With the continuous development of natural gas hydrate field research in China, a series of numerical simulations for hydrate reservoir development in the South China Sea have been conducted as well. Yin et al. (2022) established a geological model in which the water depth is 1225.2 m, and reservoirs consist of an overlying layer (207.8 m) and a hydrate-bearing layer without slope angle (45.6 m). They found that the reservoirs' compaction effect on the horizontal well is obvious with an increase in production time, which is also an important reason for the decline of gas production. Wan et al. (2018) established a horizontal seabed hydrate reservoir model with a length of 400 m and a width of 400 m to explore the strata deformation rules and influencing factors at the GMGS3-W19 site in the Shenhu area of the South China Sea during the depressurized dissociation process of natural gas hydrate using a vertical well. They reported that strata deformation occurs mainly in the early stage of depressurized dissociation, and the leading cause of settlement is the increase in effective stress. According to the drilling data in the GMGS1-SH2 site in the Shenhu area of the South China Sea, Yuan et al. (2020) and Sun, Ning, et al. (2018) generalized the model into horizontal extended strata, with a model size of 200 m × 255 m, to study the trend of strata deformation during the dissociation process of natural gas hydrate by a vertical well. They found that the leading cause of strata settlement is the increase of effective stress and the weakening of strength caused by rapid depressurization. Jin et al. (2018) used the hydrate Biot simulator to establish a system of parallel horizontal wells based on horizontal reservoirs. By studying the strata settlement characteristics at GMGS1-SH2, SH3, and SH7 sites in the Shenhu area of the South China Sea during the dissociation process of natural gas hydrate, they found that the strata settlement in the initial stage could be half of the total settlement. The above studies provide significant research reference and direction for exploring the strata settlement laws of reservoirs during hydrate production in the South China Sea.
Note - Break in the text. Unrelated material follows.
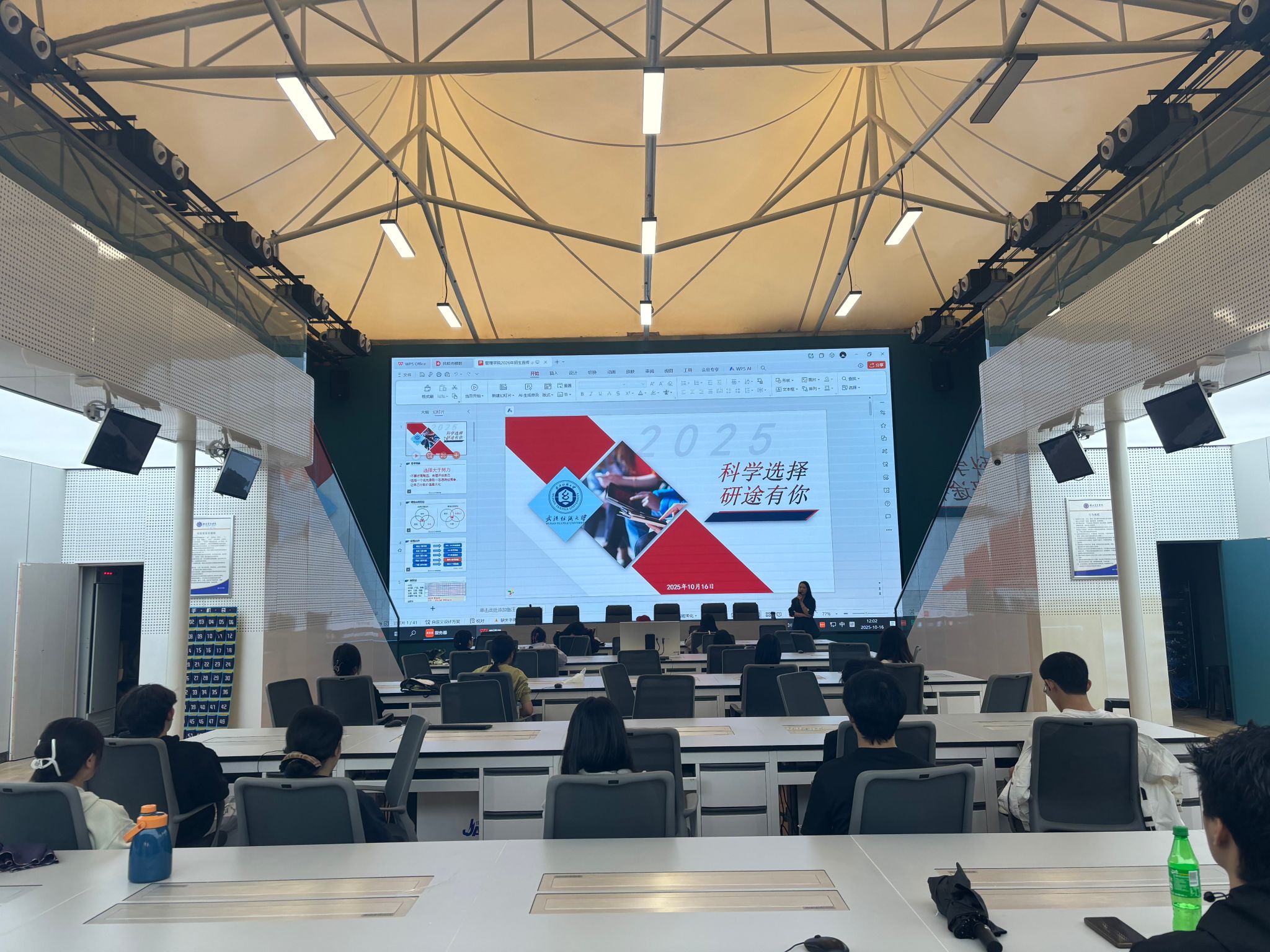 宣讲会现场气氛热烈。夏会会老师首先对湖北商贸学院师生的热情接待表示感谢,并系统介绍了我校及beat365官方网站的发展历程、学科特色、雄厚的师资力量、先进的科研平台以及丰硕的人才培养成果。她重点解读了2026年研究生招生的最新政策、专业目录、特色培养模式、考试大纲及备考策略,并就同学们广泛关心的奖助贷勤体系等问题作了详尽说明。通过展示往届优秀毕业生的成长案例,夏老师生动呈现了beat365官网研究生教育的资源优势与广阔发展前景。

So far, most scholars have studied the effect of natural gas hydrate dissociation on the physical and mechanical properties of the horizontal seabed. However, hydrate reservoirs in the South China Sea present nonhorizontal seabed characteristics (Wu et al., 2008; Yu et al., 2014), and the study of slope stability is also important for the realization of commercial production. He et al. (2023) constructed a three-dimensional numerical model of hydrate reservoirs with a slope angle of 14.04° based on ABAQUS software to explore the slope and wellbore deformation driven by hydrate dissociation within a subsea environment. It was found that hydrate production in 1 year would cause a maximum displacement of up to 7 m in the wellbore and reservoirs. Zheng et al. (2023) established a geological model with a length of 2500 m, a thickness of 1200 m, and a slope angle of 15°. By studying the stability of the submarine slope during the dynamic gas production of vertical multi-wells, they revealed that the stability of submarine slope would be reduced due to hydrate dissociation. Song et al. (2019) established a substantial three-dimensional numerical model of a hydrate submarine slope with an angle of 18° to explore how the large-scale hydrate dissociation affects the stability of the submarine slope and landslides. Their study revealed that the severe reduction of hydrate-bearing sediment strength is the ultimate cause of the seabed settlement and slope instability.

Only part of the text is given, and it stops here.